Were visits to the library an important part of your childhood?

by compound complex 23 Replies latest jw friends

  • compound complex
    compound complex

    Greetings, fellow bibliophiles:

    I remember how sad I was, as a little child, when our beloved Carnegie Library was razed (unsafe, structurally). The same tragedy occurred when we moved to a new town and that similar architectural treasure was demolished to put up a new and gleaming building of steel and glass. Gone was the rolling green lawn where we read under the shade of a huge and ancient oak.

    All the sadness aside, our continued use of literary and musical gems (we had a separate section where we could listen to classical LPs) relocated inside the replacement buildings was what truly mattered.

    While we may find the vastness of knowledge available to us at home through the Internet very useful, still, there was nothing like our first discovery of new and alien worlds within the leaves of thousands upon thousands of books residing in the library's sacred walls.

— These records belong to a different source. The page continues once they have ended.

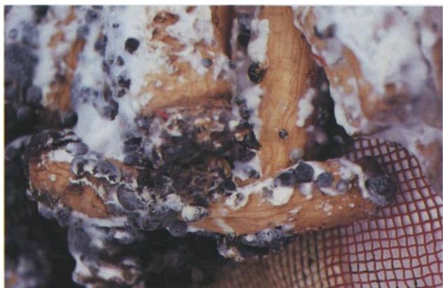
11.9f Drop (white mold); severely decayed chicory roots from storage; note white mycelium and black sclerotia.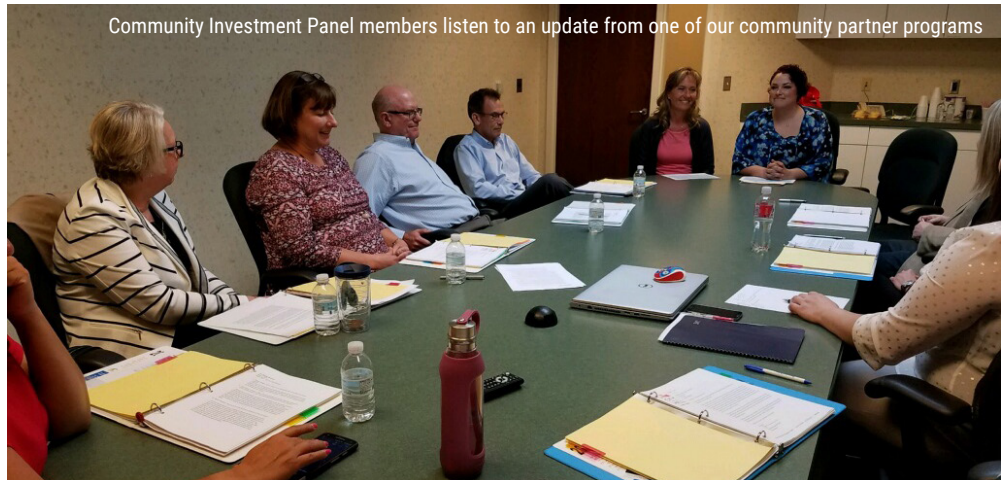
Community Investment Panel members listen to an update from one of our community partner programs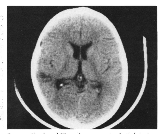
Figure 3. Unenhanced CT scan demonstrates a low density lesion in the right posterior temporal region.

It is unlikely that a pre-existing vascular malfor-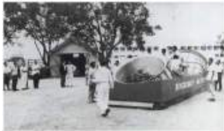
Plate 9 The twin-engine indigenous hovercraft prototype Nandi developed at ADE, Bangalore. As inventor and pilot, I took my rightful place at the controls.

In order to accelerate the pace of R&D activities at DRDL, it was imperative that decisions on vital scientific, technical and technological problems be taken quickly. Throughout my career I had zealously pursued openness in scientific matters. I had seen from very close quarters the decay and disintegration that go with management through closed-door consultations and secret manipulations. I always despised and resisted such efforts. So the first major decision which we took was to create a forum of senior scientists where important matters could be discussed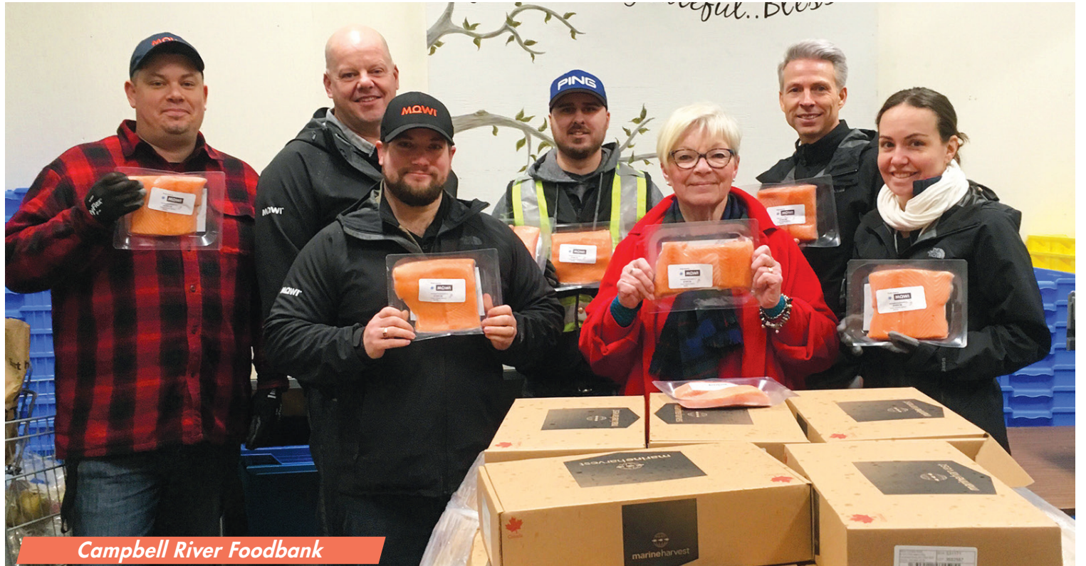
Campbell River Foodbank

Mowi were one of 28 companies to decorate a tree and our "Many Faces of Mowi" tree looked great! We featured pictures of as many of our nearly 600 employees as we could.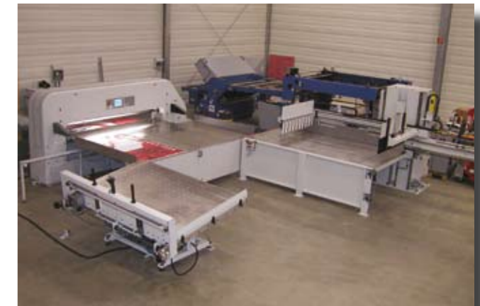
Cutting system with a restacker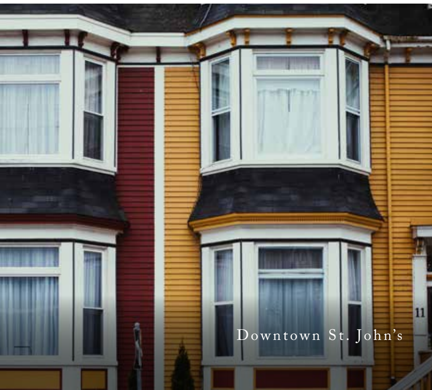
Downtown St. John's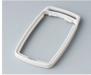
B9002707 Intermediate ring ES TPE off-white RAL 9002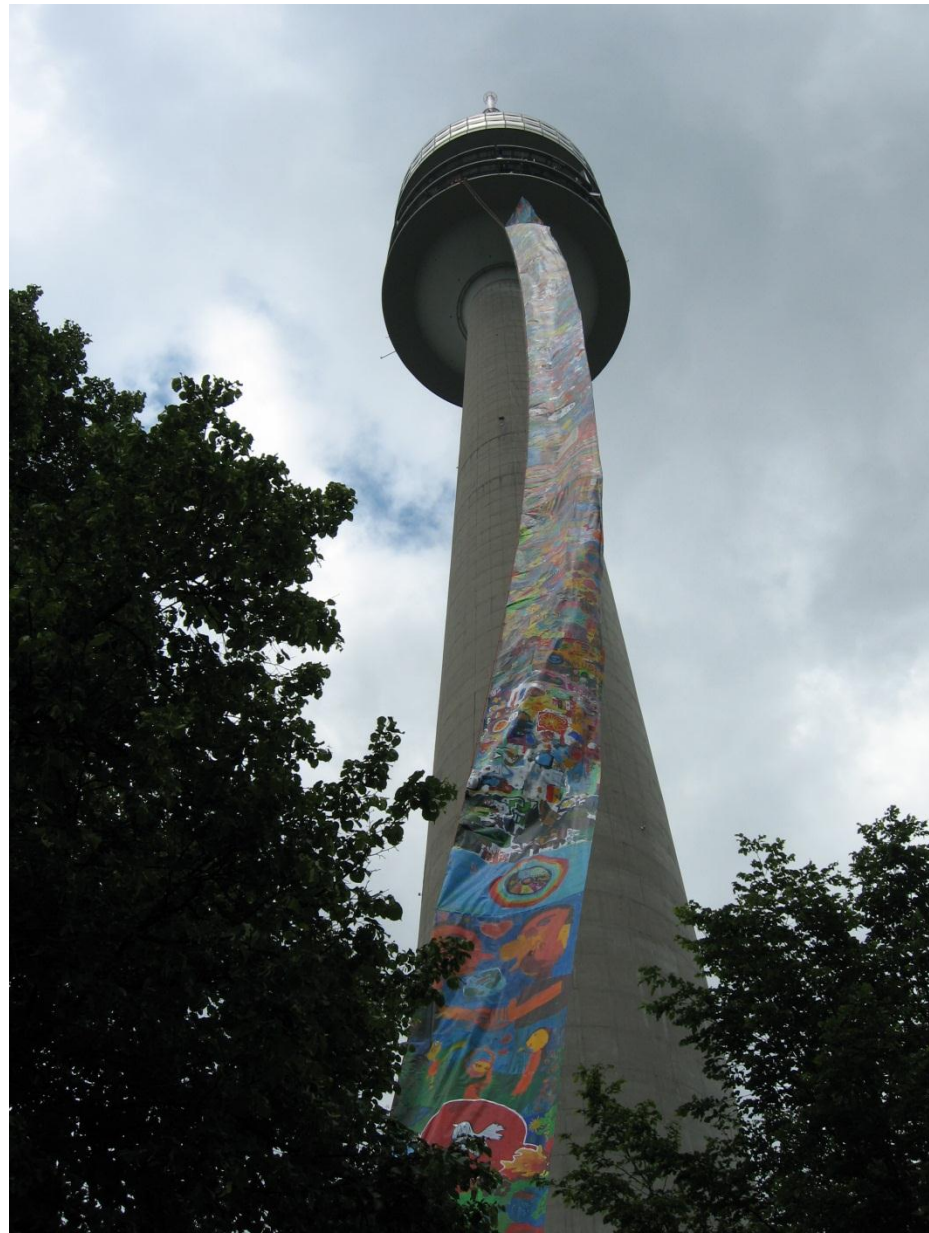
ICAF's European Children's Festival and display at the Olympia Park in Munich, Germany, in May 2006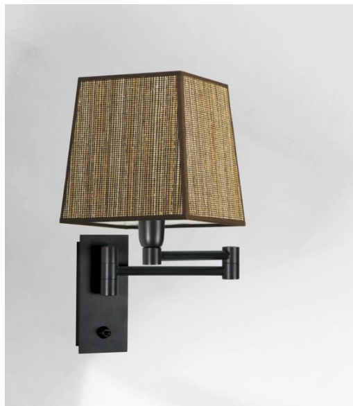
AHMOSIS +SW in brushed bronze with lampshade in Jacinthe Miel Noir (material from category 5)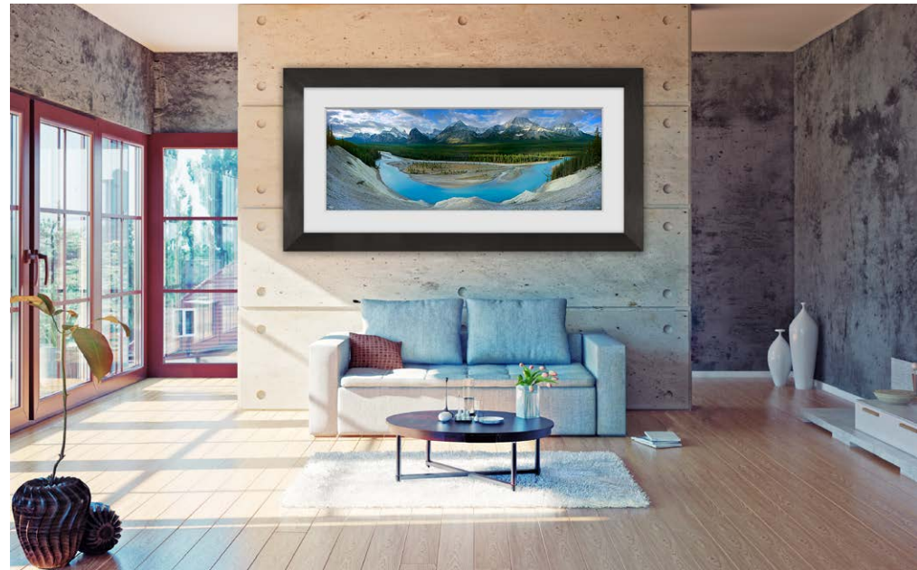
25x66 - Large Charcoal with White Linen

* Since Della Terra frames are made from sustainable forests, the trees are younger and therefore smaller. These smaller strips of veneer are applied to the frames, giving it the look of varied grain and stains - enhancing the beauty of the artwork it surrounds. Keep in mind if you see lines in the veneer, this is a natural characteristic of the wood due to the use of smaller, sustainably grown trees. These lines are not flaws. They are normal features of the materials and processes used in these high quality frames.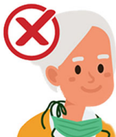
Around your neck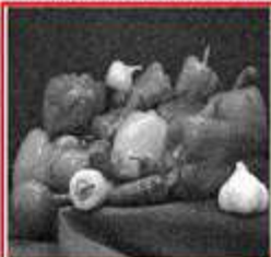
c) Image restored by our AD model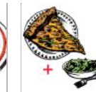
Pizza and Thai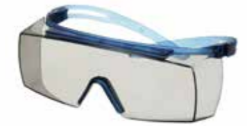
SF3707SGAF-BLU Linse: I/O grå Stel: Blå/blå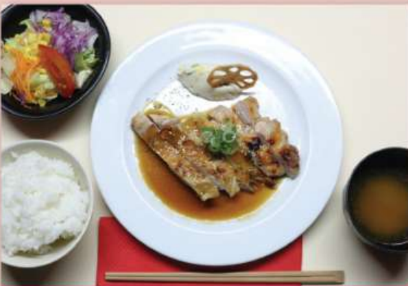
Teriyaki Lunch Set Main Dish*, Salad, Rice, Miso Soup $19.00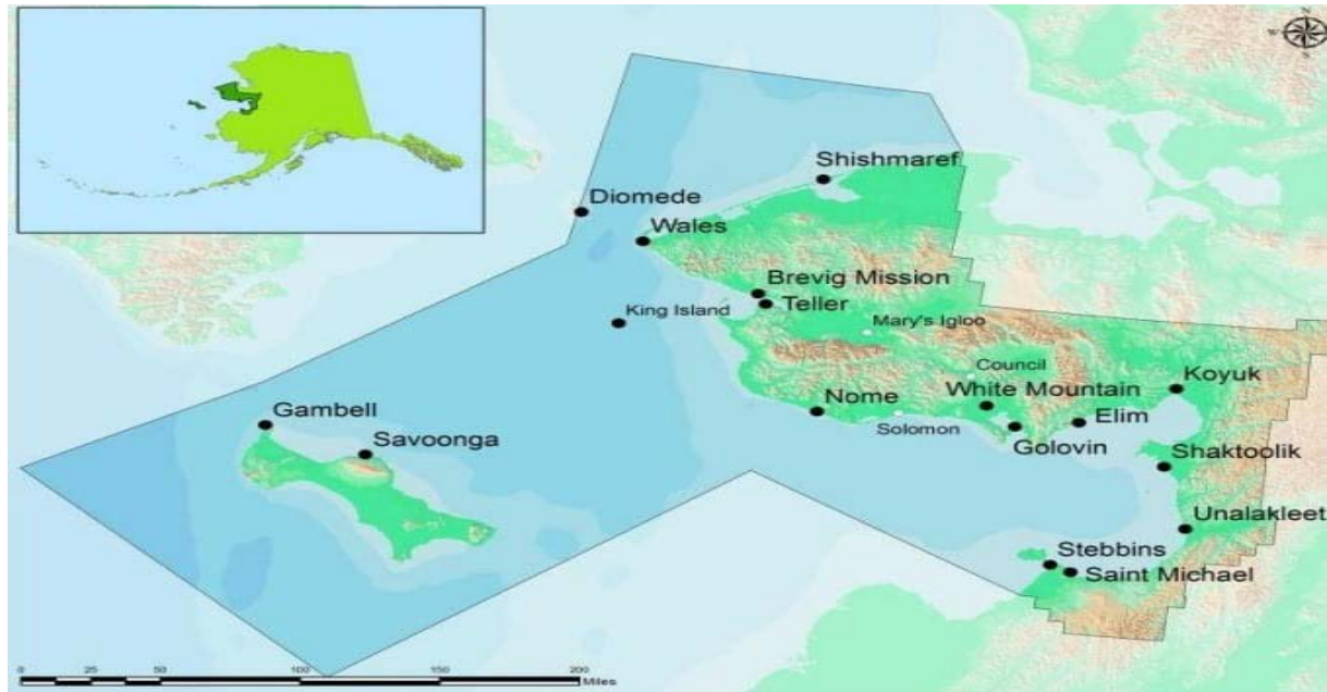
Figure 1. The Map of the Bering Strait Showing Where the Respondents' Schools Are Located

The district headquarters are in Unalakleet, Alaska. The district has over 170 certified teachers, 21 school principals and assistant principals, several district office administrators and program specialists, as well as several hundred classified support team members. The schools that are included in the study are: Aniquiin School, Anthony A. Andrews School, Brevig Mission School, Gambell School, Hogarth Kingeekuk Sr. Memorial School, James C Isabell School, Koyuk-Malimiut School, Martin L. Olson School, Shaktoolik School, Shismaref School, Tukurngailnuq School, Unalakleet School, Wales School, White Mountain School, and NACTEC. Figure 1 shows the map of Bering Strait where the respondent's schools are located.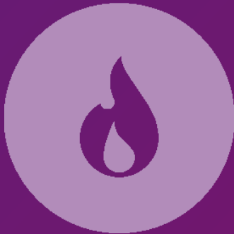
Warm cozy light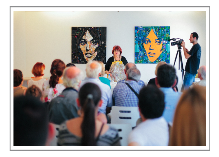
Demo on Yupo and Terraskin Papers in conjunction with Show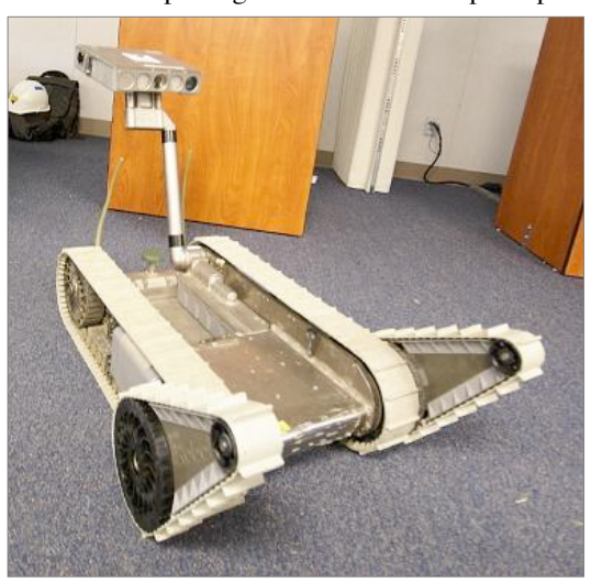
Fig. 3 PackBot

3. Packbot: An iRobot PackBot Explorer has been equipped with an additional sensor head package and external computer power.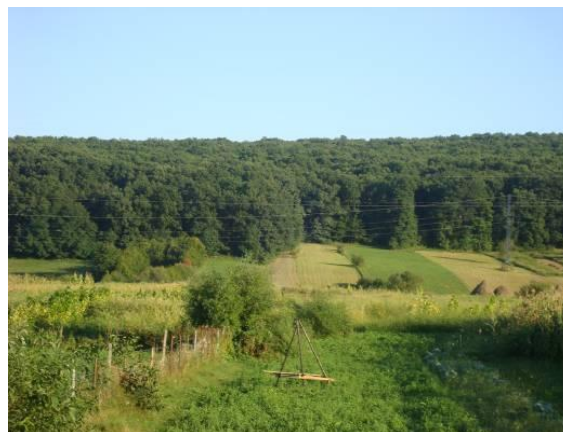
Photo 1. Meadows of 3000 m 2 in the village of

It watched inventory pest, establishing distribution area, highlighting the activity is flying and sometime in the life cycle, the alert warning time for establishing optimum periods of combat.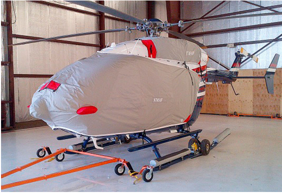
Bubble Cover w/ nose mounted radome & Upper Deck Plugs/Cover

This cover type is made from Silver Acrylic Sunbrella canvas and is 100% lined with a soft and smooth microfiber. Bruce's Custom Covers developed this material combination especially for aircraft protection. The outer material is medium weight and treated for water resistance, UV resistance and anti-static buildup. The inner lining is a very soft and smooth microfiber to prevent scratching. The material is very reflective, and tests show that the cabin interior temperature can be reduced to near-ambient temperature on the hottest of days. It is water, ice and snow repellent, yet breathable to allow moisture to escape from between the cover and the aircraft surface.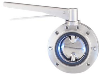
Butterfly Valve Manual Actuator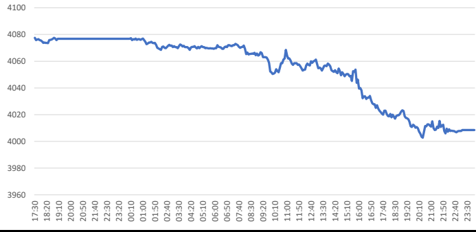
S&P 500 Future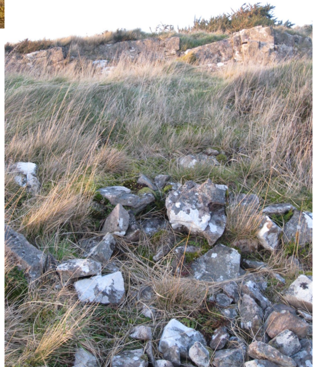
OLD QUARRY WHERE LINTEL STONES WERE CUT

The first and second OS maps show two roofed and one unroofed building.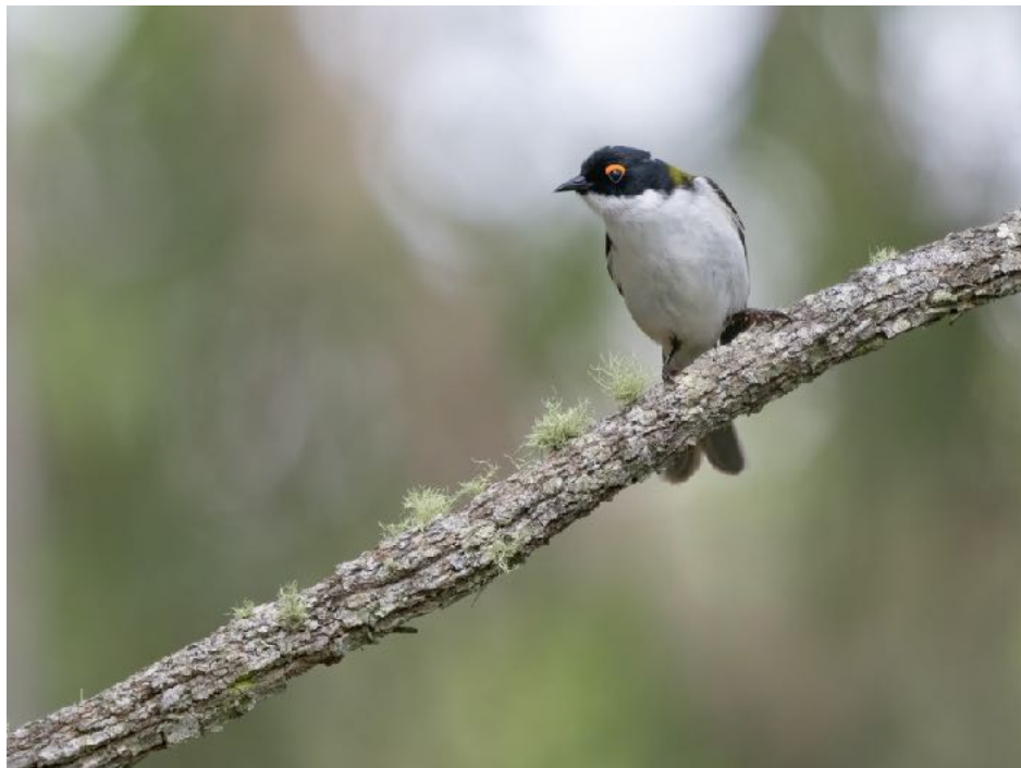
Painted Honeyeater

    Your experiences are requested.

  • carla

    Me & my kids were regulars at the library! Haven't been in awhile but still go on occasion. Our library has a book sale every year and when the kids were little we would stock up on the discarded books. I still have boxes of them and have real difficulty getting rid of books. I guess it is getting easier with adult books because you can always read on Kindle but there is nothing like a real book and a child in your lap.

  • scratchme1010

    In my case was more about lack of access and my parents' lower literacy level, which influenced their decisions around giving us access to additional resources. I was in a mediocre public school system that didn't promote any kind of additional extracurricular activities, and librarians who couldn't be more lazy and careless about actually doing their jobs.

    The JW angle was only one of many in my case.

  • compound complex
    compound complex

    Thank you, Carla, for a wonderful account!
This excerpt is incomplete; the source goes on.